The question I’m often asked when someone sees an abnormally large or expensive pair of binoculars is “How far can you see with these?” I usually start off by saying, “I can see Jupiter, so about 400 million miles.” That sounds impressive, except I can see Jupiter with any pair of binoculars and even with the naked eye. The question becomes how clear I can see Jupiter, or better still objects on our planet.
For anyone interested in taking a look at Jupiter, near dawn it’s the brightest object, now low in the east and with a reasonable 7-10 power you could see some of it’s moons. There are 63 moons, you might see the 4 largest depending on the arrangement, they will be 4 small dots in a line out from the equator. More important than extra large or expensive binoculars is stability, even the slightest movement will make it impossible to see these moons. If you have a tripod that would be great, but you could arrange pillows to support your binoculars so you don’t have to touch them.
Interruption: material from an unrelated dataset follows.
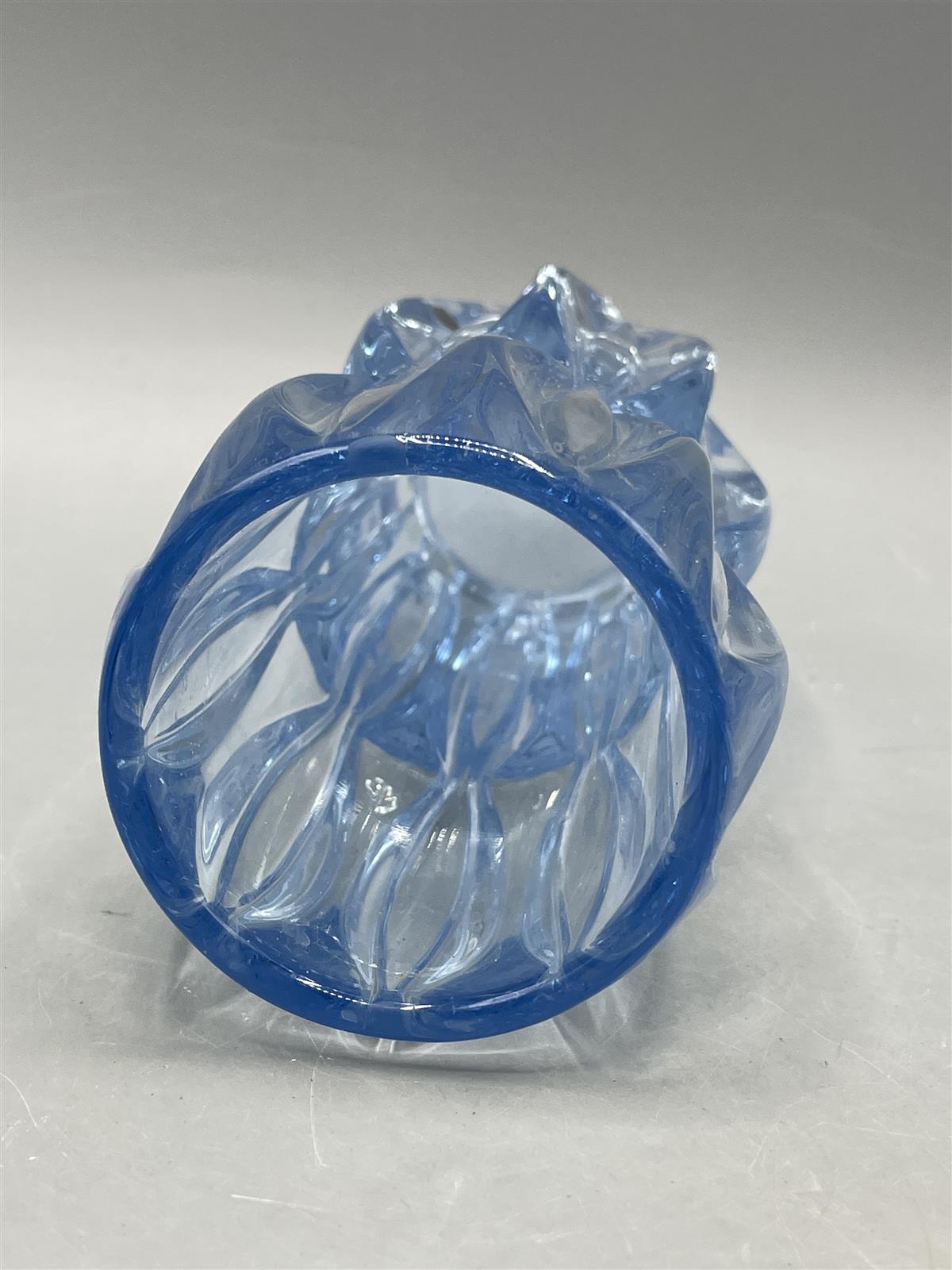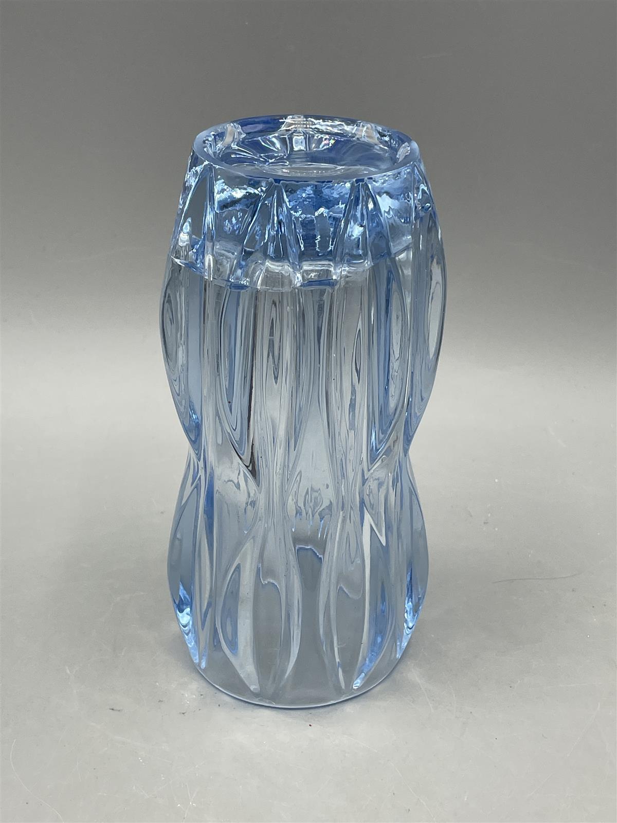 Sklo Union maljakko, jossa on kauniisti muotoiltu sininen lasi. Design Jan Schmid Rosice, Tsekkoslovakia.

And that folks, is the extent of my knowledge on astronomy and some of that I had to look up.
Most people I come across are looking for binoculars for birding or other earthly viewing. Binoculars specifically meant for astronomy are usually too big to carry around your neck or too powerful to hold without the aid of a tripod. To get the extra power required for identifying distant birds, most people choose a spotting scope which is basically one barrel of a binocular, it’s more compact and cheaper than buying both barrels.
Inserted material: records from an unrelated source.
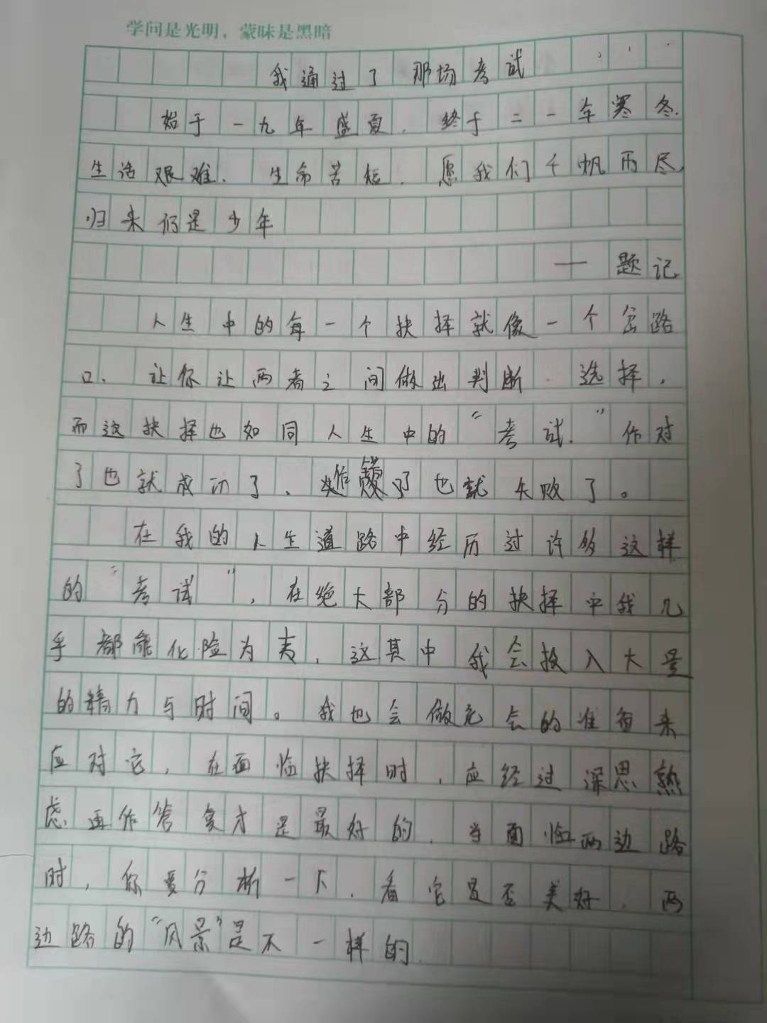 我通过了那场考试 热240 类别:记叙 发表时间:2021-09-14 09:57 已有 241 次阅读 指导老师:徐月丽 所属学校:中牟县紫薇路中学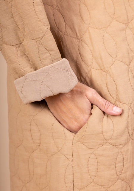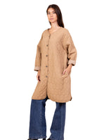 Ce long manteau matelassé léger, confectionné en 100 % coton, offre chaleur et confort grâce à sa matière naturelle respirante. Sa fermeture boutonnée lui confère un style classique tout en assurant un enfilage facile. Ses poches pratiques permettent de ranger facilement vos essentiels, ce qui le rend idéal au quotidien. Taille unique convenant aux tailles 40 à 44 (équivalent aux tailles 40 à 46 en France).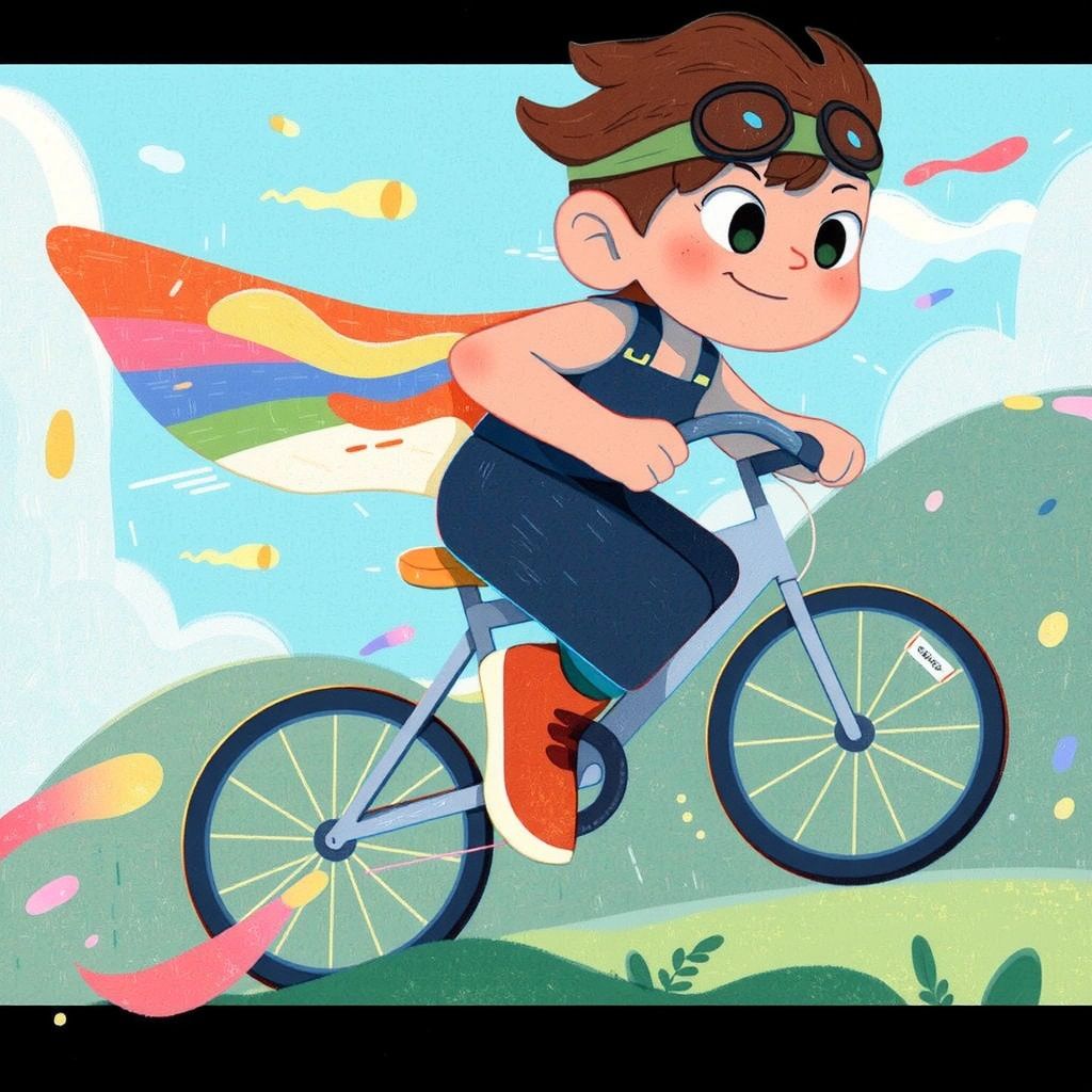 [Muz](Y45K5HDB) dreamed of flying bicycles in the sky, of lands yet to discover and things yet to try. The world was big, his dreams even bigger, and tomorrow promised another high-flying adventure.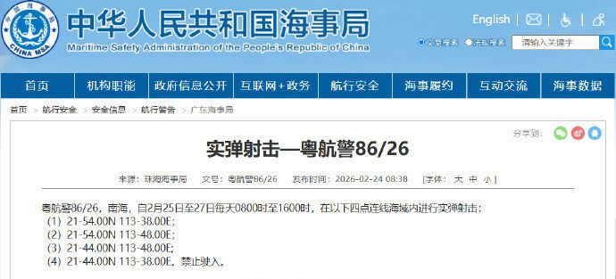 据中国海事局网站消息,珠海海事局发布航行警告,2月25日至27日,每天8时至16时,南海部分海域进行实弹射击,禁止驶入。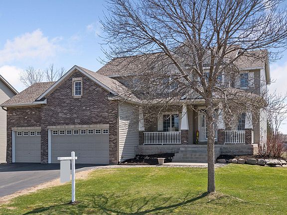 Your pursuit ends here. Up the steps, onto the porch & enter your new home. The warmth of the sun filled 2 story foyer leads you into the heart of the home. Head inside & upstairs to 4 bedrooms on one level with a secluded en suite with jetted tub & separate shower.On the main, the upgraded custom kitchen allows you to explore your culinary creations from the countertop to the grilling deck. On the deck, take in the view, inspecting the acres of greenspace. Entertain & graze from the island, relax by the fireplace, play & enjoythe calm in the large, private backyard. In the lower level you'll find an oasis at the wet bar, a fifth bedroom & a convenient walk out to the backyard. From there, miles of walking paths and bike trails on Rush Creek from the Mississippi River & Gateway park, to the Northern Trail Park and all of the way to Elm Creek Preserve. Your new home is move-in ready with a new deck, water treatmentsystem, roof, acacia hardwood floors, newer kitchen appliances & more!

When thinking about an expensive pair of binoculars it’s important to keep in mind what is usually referred to as “the law of diminishing returns”, that is, after a certain point, every time you double the price you may only increase the quality by a few percent. Sometimes it’s hard to justify the price on the most expensive binoculars.
Q. I can’t get used to using my binoculars with my glasses on, is there something I’m doing wrong?
A. When you are wearing your glasses you should fold the rubber cups down, this allows the eyepiece to come that much closer to your eye. Most new binoculars are being made with dial down eyecups. This makes it easier to go back and forth between glasses on or off, a nice feature when sharing binoculars or if you occasionally want to use binoculars with sunglasses; a good idea if you’re viewing over water on a bright day. If you fold the rubber up and down a lot, they eventually crack at the base. I just cut mine off as I’m the only one using them and I wear glasses. Otherwise you could get replacements from the company.
Some binoculars have what is referred to as long eye relief or high eye point, this is the distance you can hold your binoculars from your eyes and still see the full field of view. It’s written as a distance in millimeters, and the longer the distance the more likely they will be good for eyeglass wearers. If you lost the literature, you can usually tell by the length of the eyecups, they are made to hold the binoculars at the optimum distance from your eyes.
FYI: Long eye relief is considered a good feature in a birding binocular, this isn’t because they are easier on the eyes, it’s because most birders are old and therefore must require glasses. Don’t shoot the messenger, it isn’t my idea.
Q. This may sound strange but, my binoculars are floppy. It’s really quite annoying, is there anything I can do to tighten them up?
A. I see Floppy Binocular Syndrome quite often. It can strike any pair of binoculars at any time, no matter the make or model. I agree, it’s a real pain in the eyes, you can never hold your binoculars with one hand and you are constantly aware of keeping them at the correct spacing. The cause is still unknown but there is a cure. Depending on your binocular you may be able to tighten the hinge yourself, keeping in mind you may be voiding a warranty if you screw up, or you may want to send them back to the company. (This has always been a free service, the tightening not the postage.) Usually people will try tightening the screw at the front end of the hinge, this is just a cap and should be removed. Under this you’ll see the quarter inch threaded hole for the tripod adaptor, on the sides of this you may see 2 small holes. So far, so good, no warranty is void. I use a snap ring plier, available at any hardware store, put a prong in each hole and tighten the inside nut, this usually does the trick.
If you can’t get it tightened yourself and don’t want to send them back, there is a new product called the binocular hinge lock that would keep your binoculars at the correct distance. The hinge lock is great if you’re the only one using them (or if your partner has the same eye spacing as you) every time you take them out of your pack they’re at the right setting, and is especially handy if you’re carrying something like a tripod in one hand. The hinge lock is inexpensive and simply screws into the tripod adaptor hole, you find the correct spacing and tighten.
Q. How important is it to have a waterproof binocular?
A. It’s only important if you get them wet. Sorry... it used to be that waterproofing was a very expensive feature. Now it seems most decent models are waterproof/fogproof and the prices are lower than ever, so I would absolutely recommend waterproof. Even if you don’t get them wet they won’t fog internally, I know someone who travelled to Costa Rica on a birding trip and couldn’t use his very expensive binoculars because they fogged up in the rain forest’s humidity.